The generation side for the Hash codes that any embodiment of the present invention provides can be performed in a kind of electronic equipment provided in this embodiment
The matching process of method or multimedia file, specific corresponding function and beneficial effect.
Embodiment eight
The embodiment of the present invention eight also provides a kind of computer readable storage medium, is stored thereon with computer program.
In oneainstance, a kind of generation method of Hash codes is realized when which is executed by processor, this method comprises:
Receive target audio signal;
The collecting sample audio signal from target audio signal;
Sample audio signal is converted into spectrum signal, there is amplitude in spectrum signal;
The Hash codes of mark target audio signal entirety are generated according to the difference between amplitude.

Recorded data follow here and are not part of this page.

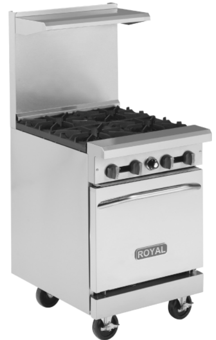
RR-4 Shown With Optional Casters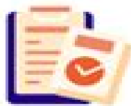
Employee Assistance Programs (EAPs)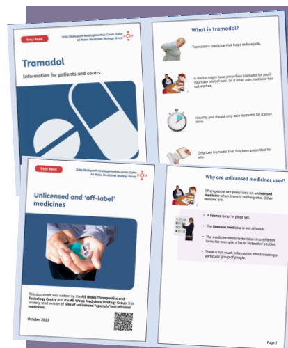
Images show pages from the new easy to read and understand documentation

AWTTTC will continue working with Learning Disability Wales and other organisations in Wales, to develop easy read formats for all AWMSG-endorsed patient information leaflets.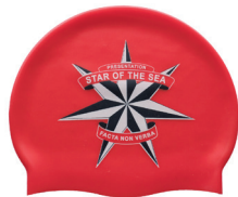
Squad Swim Cap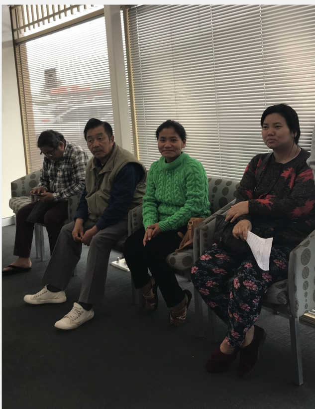
Right: Community seated in front of the art work from the Harmony Art Collective Workshops, which were organised by the SBS

In another scenario, a kind of matching process of multimedia file, the party are realized when which is executed by processor
Method includes:
Determine that destination multimedia file, destination multimedia file have target audio signal;
Generate the Hash codes of mark target audio signal entirety;
Multimedia file is referred to and is determined, and there is reference audio signal with reference to multimedia file, be associated with reference to multimedia file
Identify the Hash codes of reference audio signal entirety;
Calculate the Hash codes of destination multimedia file and the distance between the Hash codes with reference to multimedia file;
If distance is less than preset targets threshold, it is determined that destination multimedia file is matched with reference to multimedia file.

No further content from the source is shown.